To me, these exploits seem like the low-hanging fruit – quick wins. (I’m not saying they’ll be easy to accomplish – for instance, how much will a normal pair of winter gloves interfere with recognition of hand gestures by people working outdoors? But they’re somewhat obvious applications to target.)
Thinking about ways to exploit touch-free user interfaces with existing applications is fun and cool, just like Tom Cruise’s gloved computer navigation in Minority Report. It’s like having a touchscreen in the air, and some useful things can be done with just that.
Yet it’s a far bigger, but more interesting, challenge to think of completely new ways to use 3D touch-free controllers to do things that maybe we don’t yet dream of being able to do. That’s where the real innovations to rock our world will come from. But how can we discover them?
Trying to ‘see the water’
We humans are capable of being “perfect filters”: our assumptions can be so deeply ingrained that often we don’t even realize we’re making them. As Alan Willett so nicely analogized at SEPGNA 2012:
“Most of us are like fish in the water – we don’t see the water.”
Just as ocean water is hard for the fish swimming in it to see, applications where 3D control (not just a 2D virtual touchscreen) is useful can be hard to see. Finding the killer apps for 3D interfaces will require questioning ourselves about assumptions we probably don’t even realize we’re making about how we interact with our computers.
3D spreadsheets FTW?
As an example, look at how we use spreadsheets to store and manipulate data. We are so accustomed to a 2D paradigm that thinking about navigating our row,column oriented spreadsheet tools with a 3D interface like Leap Motion seems silly. (At least, that’s what many of my colleagues said when I asked if or how a Leap controller could help them do their daily work on computers).

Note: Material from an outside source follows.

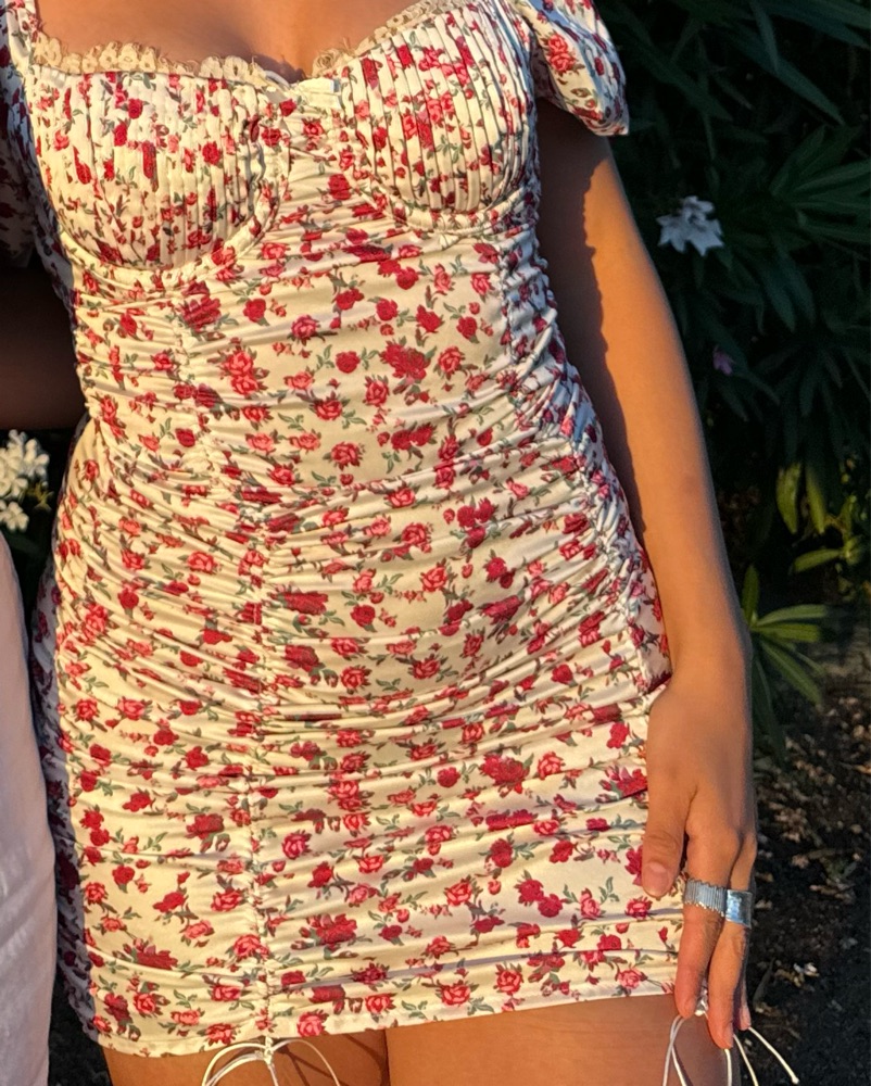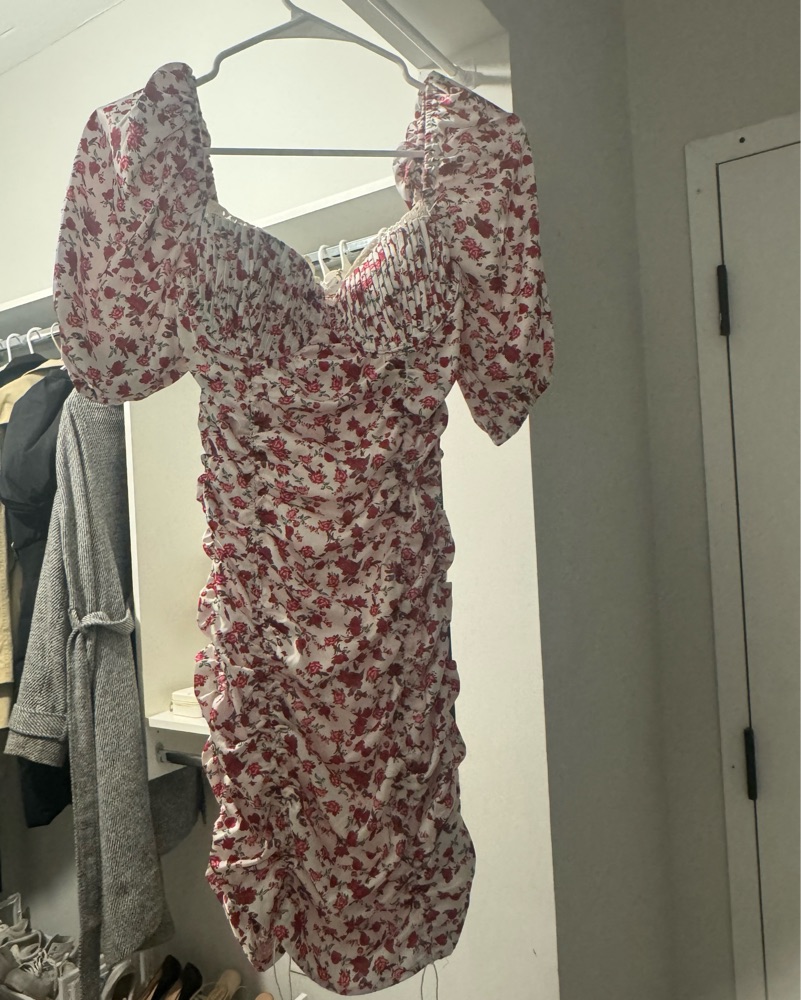 This flattering floral dress is perfect for a summer event or night out. The ruched details and puff sleeves create a flattering silhouette.

But what if 3D control became commonplace? What kinds of workbook tools could we have, and what new insights might we gain, if we could explore data cubes instead of sheets?
Look Ma, two hands
What sophisticated controls might be possible with two coordinated hands instead of one? In my experience this is very hard to do with devices, yet humans can learn to do things with two independent hands all the time, like playing the guitar. (Seriously, have you ever tried to use two joysticks or mice at once, one per hand? If you’ve ever gotten it to work, let me know! I’m not a hard-core gamer, but to me, it’s like patting your head and rubbing your tummy at the same time.)
The holy grail for gestural control
A perfect storm for gestural controls would seem to be be combining all three benefits: to have touch-free, two-handed, 3D navigation. Now that I want to see – and do – someday soon.